[Source data]
——

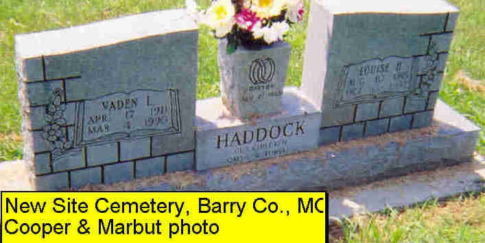 | HADDOCK, Vaden L. | Apr. 17, 1911 | Mar. 4, 1990 | SSW: Louisa Henrietta - Research Note: Son of Charles Saunders and Hattie Bell (Wormington) Haddock, Sr. In 1930 Vaden was listed in the Haddock household, in Monett, and was age 19. | Census Photo Donna Cooper Darla Marbut |
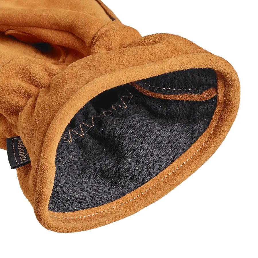 De Tri-Fleece voering zorgt voor warmte en comfort, waardoor je handen behaaglijk blijven, zelfs bij koude temperaturen. De Triumph Brookdale handschoen is volledig gemaakt van hoogwaardig suède. Dit zorgt niet alleen voor een stijlvolle uitstraling, maar ook voor duurzaamheid en een goede grip op de handvatten.
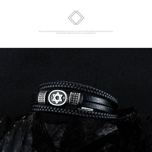 Vintage six-pointed star leather bracelet Fashion braided leather cord bracelet
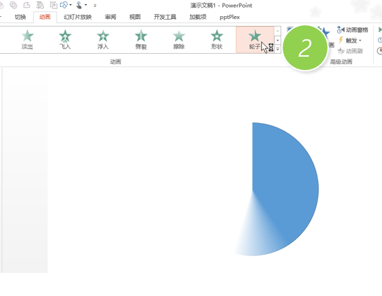 然后在“动画”选项卡中找到“轮子”动画效果,设置上去即可。如(下图 2 处)所示。
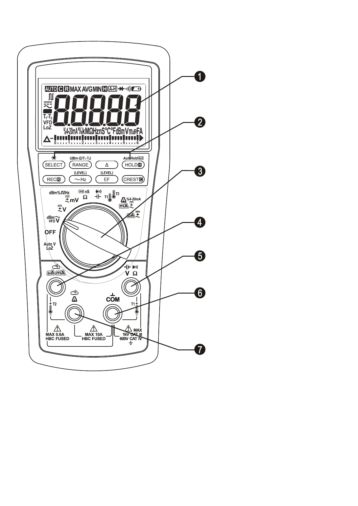 The analog bar graph provides a visual indication of measurement like a traditional
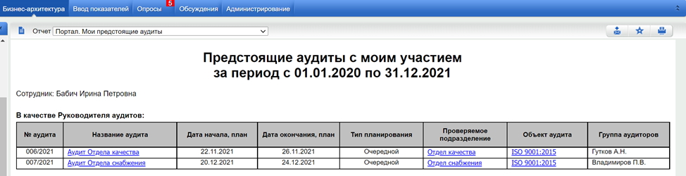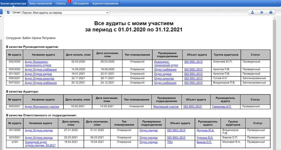 Помимо этих отчетов для Пользователей Портала можно создать персонифицированные отчеты по аудитам, которые доступны на Персональной странице пользователя в разделе аудиты (этот раздел можно создать самостоятельно в Настройках Портала). Примеры отчетов:

——

**EXERCISE AIM**
Transcribe exactly the lines from the one containing "De Tri-Fleece voering" through the last line of the records above, and nothing else. Leave out the pictures.

**EXERCISE SOLUTION**
 De Tri-Fleece voering zorgt voor warmte en comfort, waardoor je handen behaaglijk blijven, zelfs bij koude temperaturen. De Triumph Brookdale handschoen is volledig gemaakt van hoogwaardig suède. Dit zorgt niet alleen voor een stijlvolle uitstraling, maar ook voor duurzaamheid en een goede grip op de handvatten.
 Vintage six-pointed star leather bracelet Fashion braided leather cord bracelet
 然后在“动画”选项卡中找到“轮子”动画效果,设置上去即可。如(下图 2 处)所示。
 The analog bar graph provides a visual indication of measurement like a traditional
 Помимо этих отчетов для Пользователей Портала можно создать персонифицированные отчеты по аудитам, которые доступны на Персональной странице пользователя в разделе аудиты (этот раздел можно создать самостоятельно в Настройках Портала). Примеры отчетов:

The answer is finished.